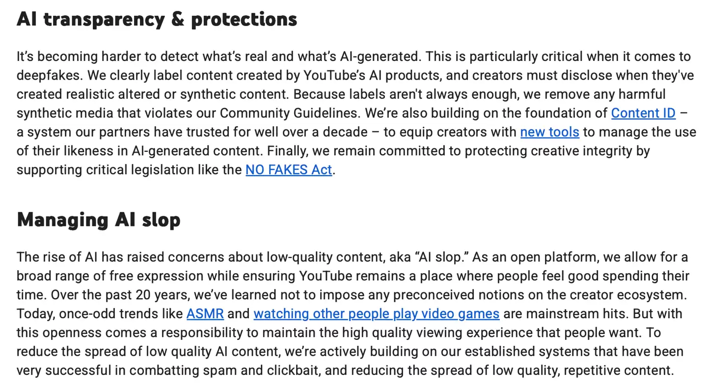 尼尔·莫汉同时指出,平台正在其原有的反垃圾和标题党系统基础上,积极构建新机制,以减少传播低质量、重复性AI内容。他强调,YouTube将移除任何违反社区规则的“有害合成媒体”,并为创作者提供识别和屏蔽深度伪造内容的工具。
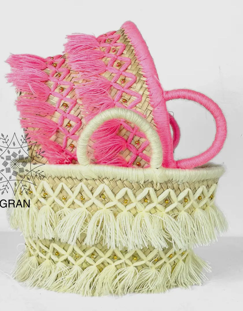 This exquisite hand woven Moroccan basket bag is perfect for many occasions. Elevate your style with this stylish tote which is perfect for beach outings, a special lunch date or for a day at the local market. Crafted with care from durable straw for long lasting use and featuring decorative tassels for a pop of color, each bag offers a unique touch of tradition. 11.5"x 7". Made in Morocco.
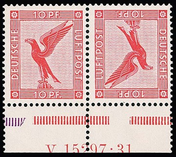 10 Pfg. Flugpost, postfrischer Kehr-Zusammendruck vom Rand mit HAN "V 15297.31", leichte herstellungsbedingte Gummibüge, Mi. 1000,-
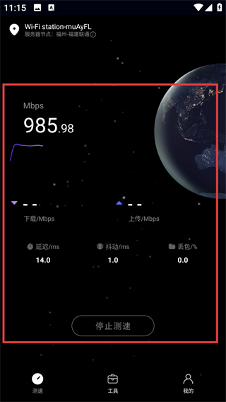 2、测速过程中会显示实时的下载-Mbps数据,还能看到延迟-抖动-丢包等信息,想暂停的话点【停止测速】就行哦。

● ● ● ● ●

- _Your task_
The answer is the listing above restated word for word, pictures removed.

- _Output for this exercise_
 尼尔·莫汉同时指出,平台正在其原有的反垃圾和标题党系统基础上,积极构建新机制,以减少传播低质量、重复性AI内容。他强调,YouTube将移除任何违反社区规则的“有害合成媒体”,并为创作者提供识别和屏蔽深度伪造内容的工具。
 This exquisite hand woven Moroccan basket bag is perfect for many occasions. Elevate your style with this stylish tote which is perfect for beach outings, a special lunch date or for a day at the local market. Crafted with care from durable straw for long lasting use and featuring decorative tassels for a pop of color, each bag offers a unique touch of tradition. 11.5"x 7". Made in Morocco.
 10 Pfg. Flugpost, postfrischer Kehr-Zusammendruck vom Rand mit HAN "V 15297.31", leichte herstellungsbedingte Gummibüge, Mi. 1000,-
 2、测速过程中会显示实时的下载-Mbps数据,还能看到延迟-抖动-丢包等信息,想暂停的话点【停止测速】就行哦。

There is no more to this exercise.